(INPUT DATA Opens)
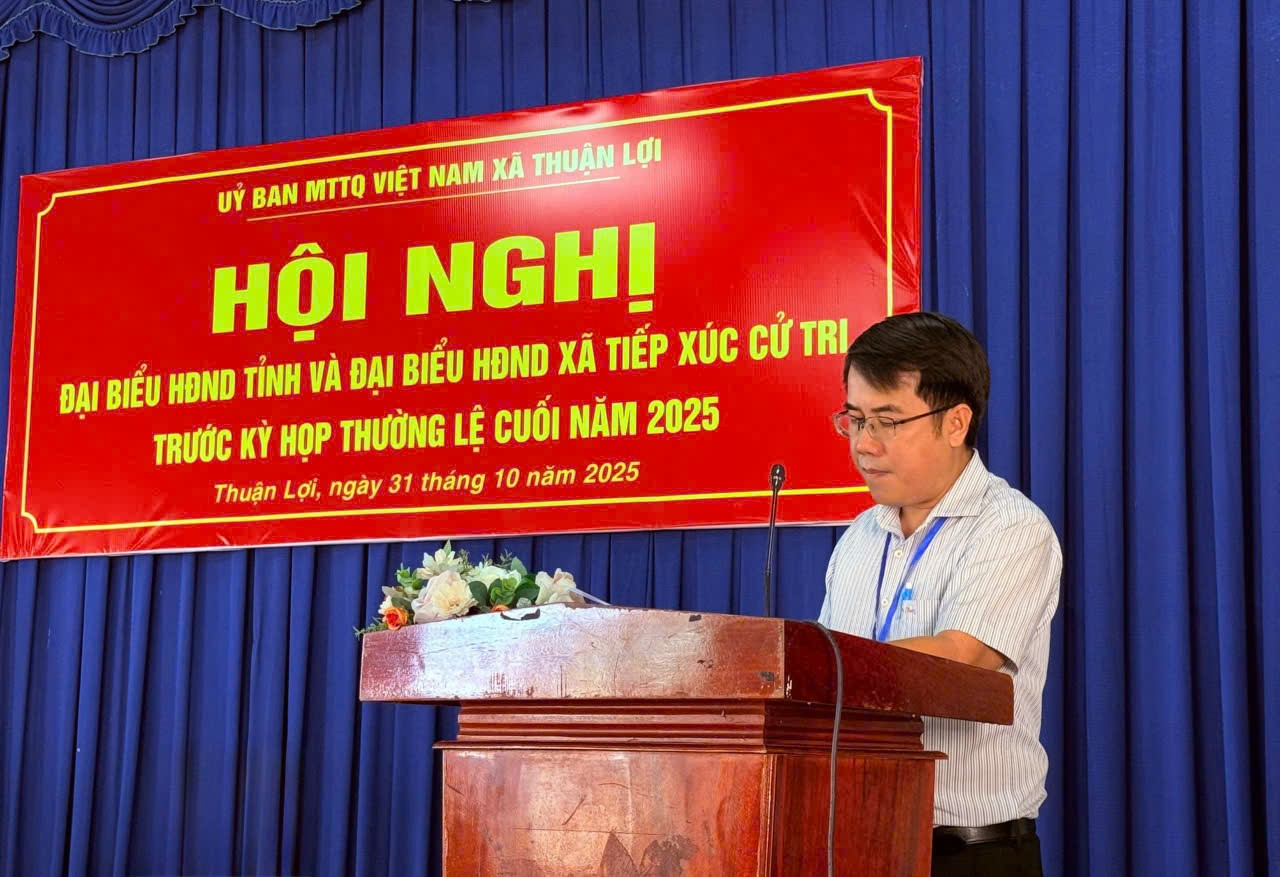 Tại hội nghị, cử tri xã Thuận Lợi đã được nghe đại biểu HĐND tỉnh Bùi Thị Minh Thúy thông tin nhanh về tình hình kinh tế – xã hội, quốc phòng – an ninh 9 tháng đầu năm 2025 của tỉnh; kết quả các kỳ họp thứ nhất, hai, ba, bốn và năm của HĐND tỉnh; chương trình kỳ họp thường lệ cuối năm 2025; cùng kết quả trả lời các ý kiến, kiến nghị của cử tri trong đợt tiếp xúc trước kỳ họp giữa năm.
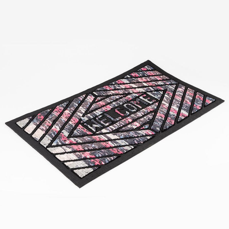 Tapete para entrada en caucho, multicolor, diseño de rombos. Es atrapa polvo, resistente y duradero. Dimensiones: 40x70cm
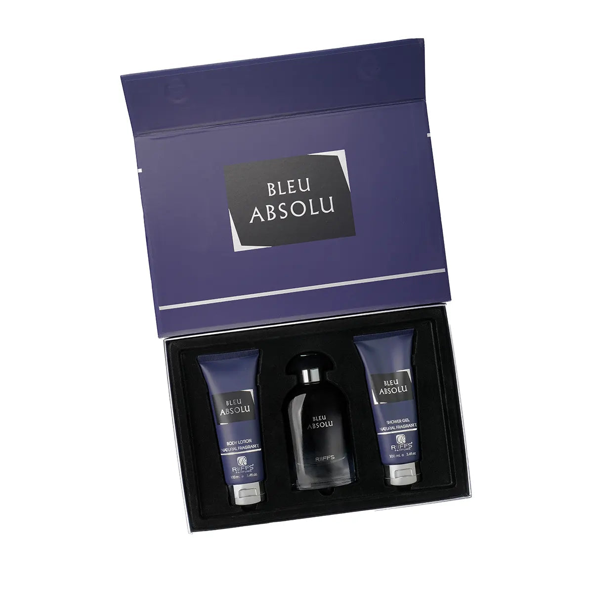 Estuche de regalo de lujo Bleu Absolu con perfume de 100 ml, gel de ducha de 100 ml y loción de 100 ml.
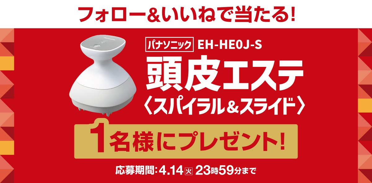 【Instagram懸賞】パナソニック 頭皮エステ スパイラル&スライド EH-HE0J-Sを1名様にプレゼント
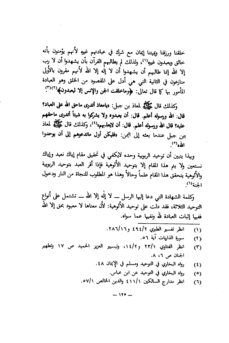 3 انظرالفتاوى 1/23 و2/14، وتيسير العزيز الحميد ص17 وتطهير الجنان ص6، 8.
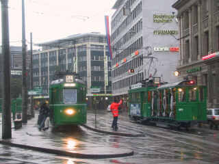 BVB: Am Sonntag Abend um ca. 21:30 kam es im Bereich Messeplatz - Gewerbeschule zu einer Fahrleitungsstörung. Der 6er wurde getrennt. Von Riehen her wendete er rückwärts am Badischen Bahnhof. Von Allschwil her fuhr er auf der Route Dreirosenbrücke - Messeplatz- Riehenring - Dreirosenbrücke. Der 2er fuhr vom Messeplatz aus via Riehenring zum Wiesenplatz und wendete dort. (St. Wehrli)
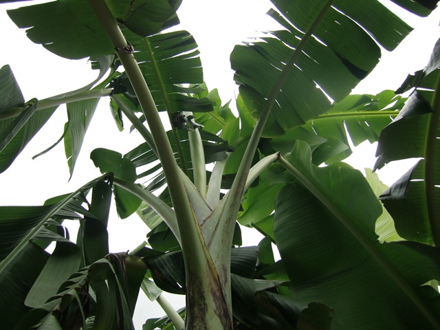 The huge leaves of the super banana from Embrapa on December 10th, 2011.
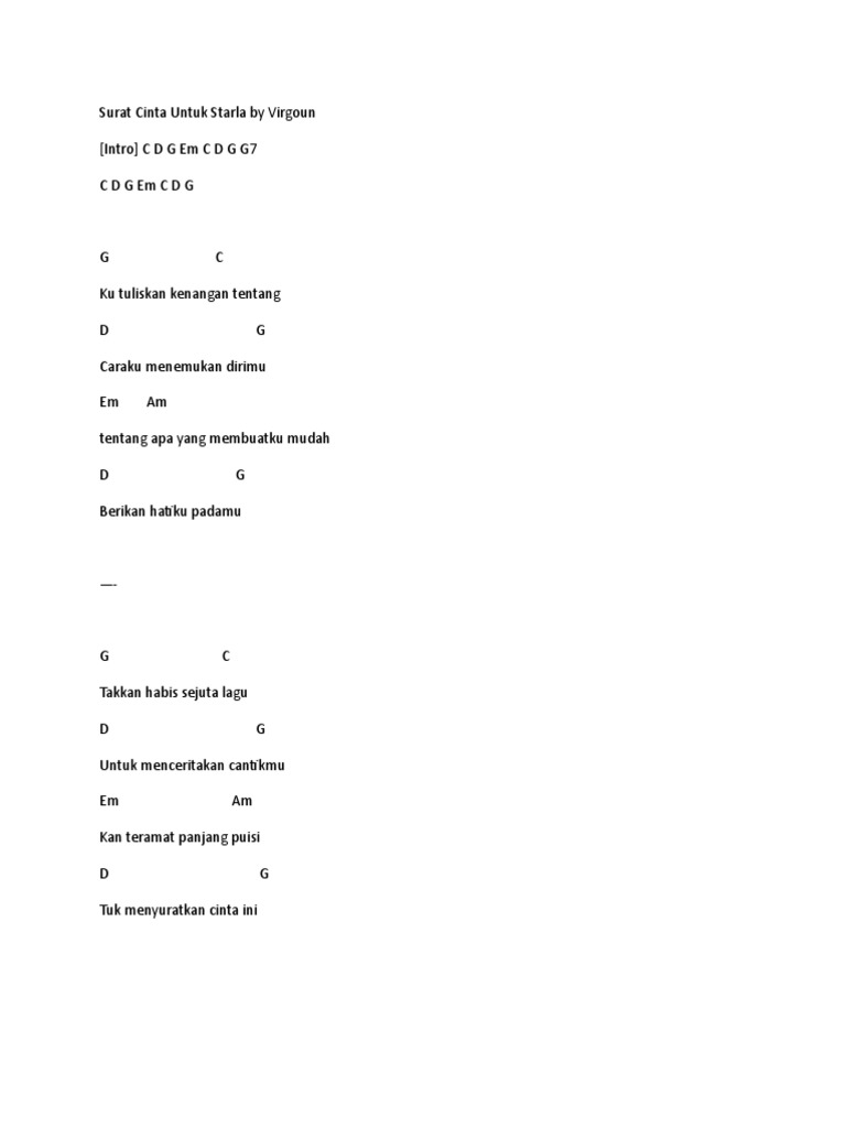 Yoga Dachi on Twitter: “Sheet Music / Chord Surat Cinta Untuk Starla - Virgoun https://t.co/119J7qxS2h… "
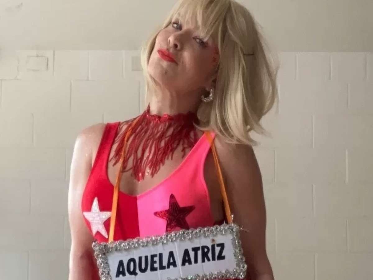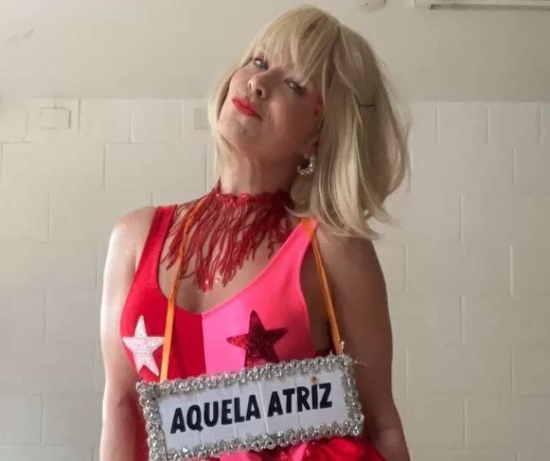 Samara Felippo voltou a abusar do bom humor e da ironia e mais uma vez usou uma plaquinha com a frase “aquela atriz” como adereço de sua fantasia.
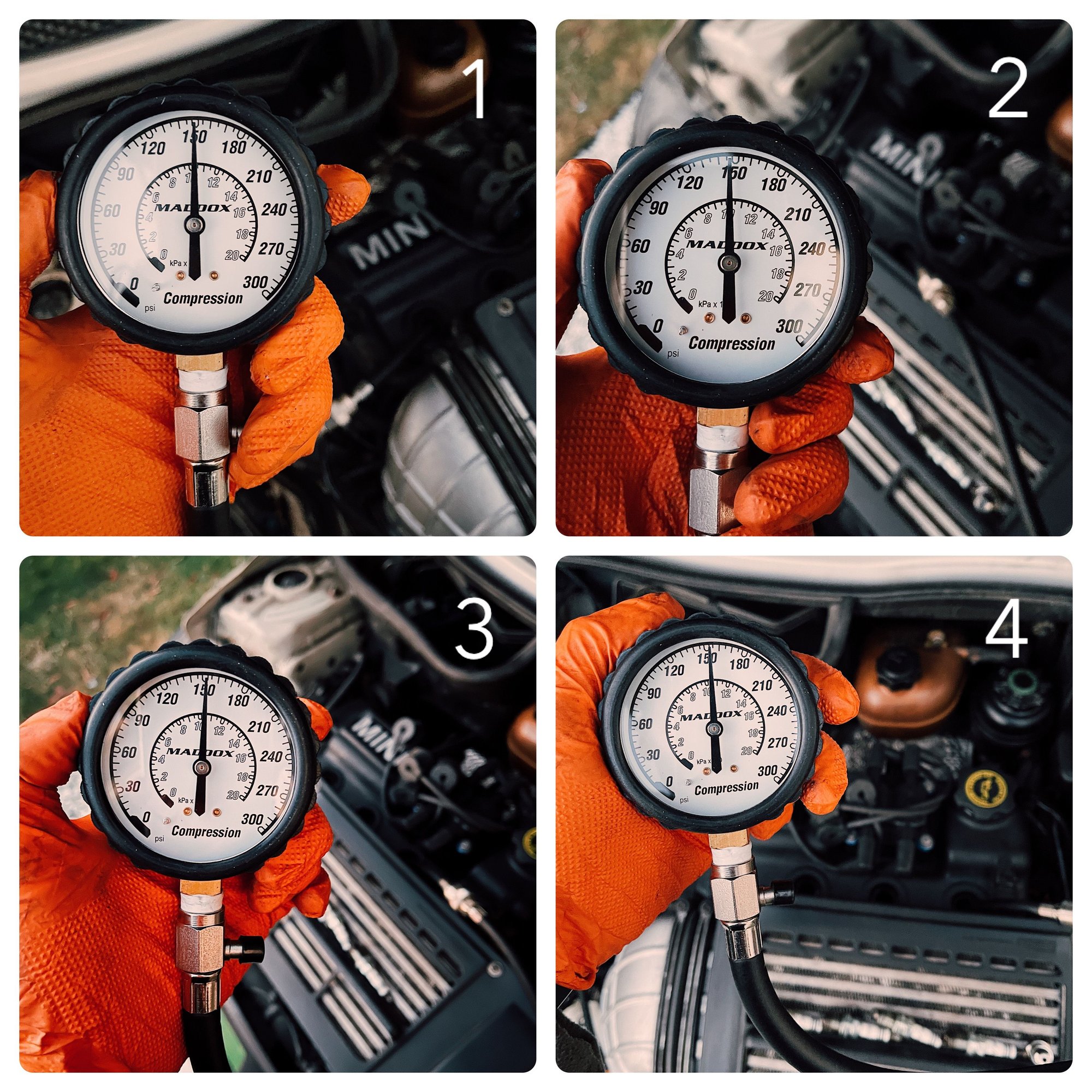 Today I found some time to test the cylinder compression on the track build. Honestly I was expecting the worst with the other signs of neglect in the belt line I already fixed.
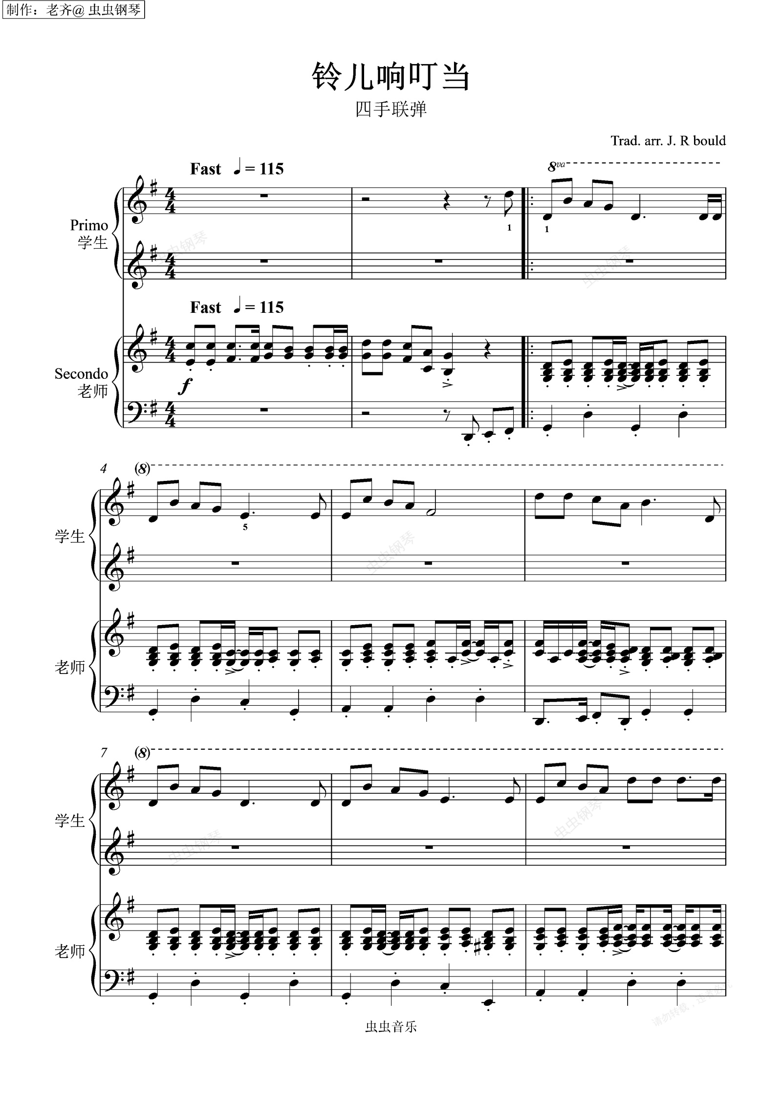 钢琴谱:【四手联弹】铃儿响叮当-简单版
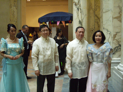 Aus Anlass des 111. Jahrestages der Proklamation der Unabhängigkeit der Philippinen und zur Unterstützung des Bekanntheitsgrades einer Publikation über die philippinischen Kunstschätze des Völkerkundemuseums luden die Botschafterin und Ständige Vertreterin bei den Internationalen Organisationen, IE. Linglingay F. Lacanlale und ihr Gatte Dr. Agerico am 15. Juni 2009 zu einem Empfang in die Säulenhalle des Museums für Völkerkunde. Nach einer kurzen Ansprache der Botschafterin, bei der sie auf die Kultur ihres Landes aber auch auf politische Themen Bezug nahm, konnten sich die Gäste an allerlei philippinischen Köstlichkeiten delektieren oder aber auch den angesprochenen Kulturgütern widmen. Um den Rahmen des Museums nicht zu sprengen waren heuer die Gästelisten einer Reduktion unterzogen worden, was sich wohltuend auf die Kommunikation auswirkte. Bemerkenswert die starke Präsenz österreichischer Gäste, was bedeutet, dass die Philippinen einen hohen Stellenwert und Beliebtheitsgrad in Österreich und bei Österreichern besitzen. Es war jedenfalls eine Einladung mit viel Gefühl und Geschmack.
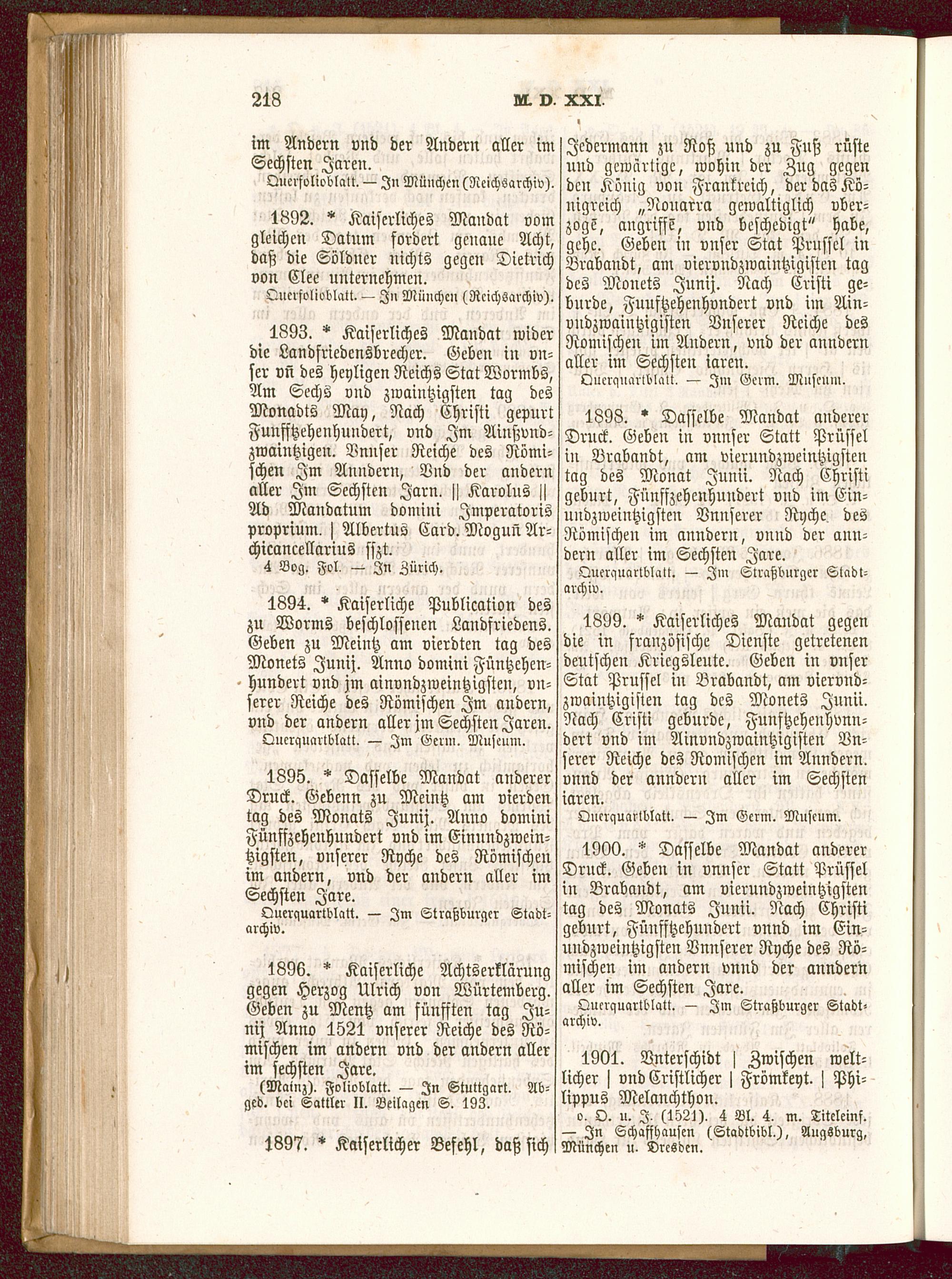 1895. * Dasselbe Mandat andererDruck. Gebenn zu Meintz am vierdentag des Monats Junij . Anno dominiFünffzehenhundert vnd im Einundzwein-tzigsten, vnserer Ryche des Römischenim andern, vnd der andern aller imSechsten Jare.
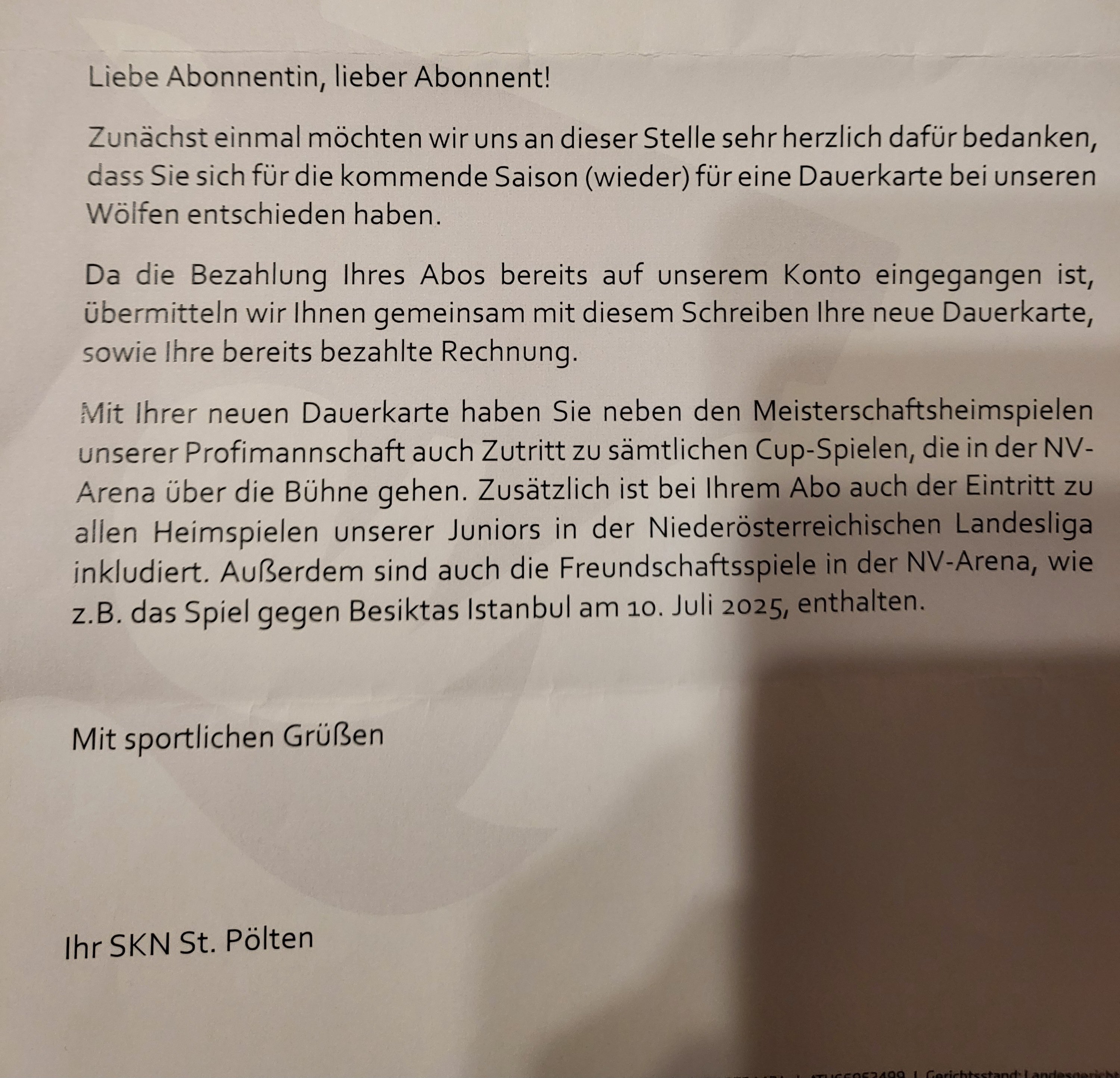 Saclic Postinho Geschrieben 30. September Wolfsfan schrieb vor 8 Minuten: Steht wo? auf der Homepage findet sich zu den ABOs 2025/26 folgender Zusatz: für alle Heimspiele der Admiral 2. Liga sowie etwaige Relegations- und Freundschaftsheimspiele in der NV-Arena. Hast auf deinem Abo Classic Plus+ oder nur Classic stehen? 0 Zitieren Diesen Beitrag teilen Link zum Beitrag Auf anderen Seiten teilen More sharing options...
(INPUT DATA Closes)
Using the records above, return verbatim only the part that opens with the line containing "BVB: Am Sonntag" and closes with the line containing "The huge leaves"; pictures stay out.

PROBLEM SOLUTION:
 BVB: Am Sonntag Abend um ca. 21:30 kam es im Bereich Messeplatz - Gewerbeschule zu einer Fahrleitungsstörung. Der 6er wurde getrennt. Von Riehen her wendete er rückwärts am Badischen Bahnhof. Von Allschwil her fuhr er auf der Route Dreirosenbrücke - Messeplatz- Riehenring - Dreirosenbrücke. Der 2er fuhr vom Messeplatz aus via Riehenring zum Wiesenplatz und wendete dort. (St. Wehrli)
 The huge leaves of the super banana from Embrapa on December 10th, 2011.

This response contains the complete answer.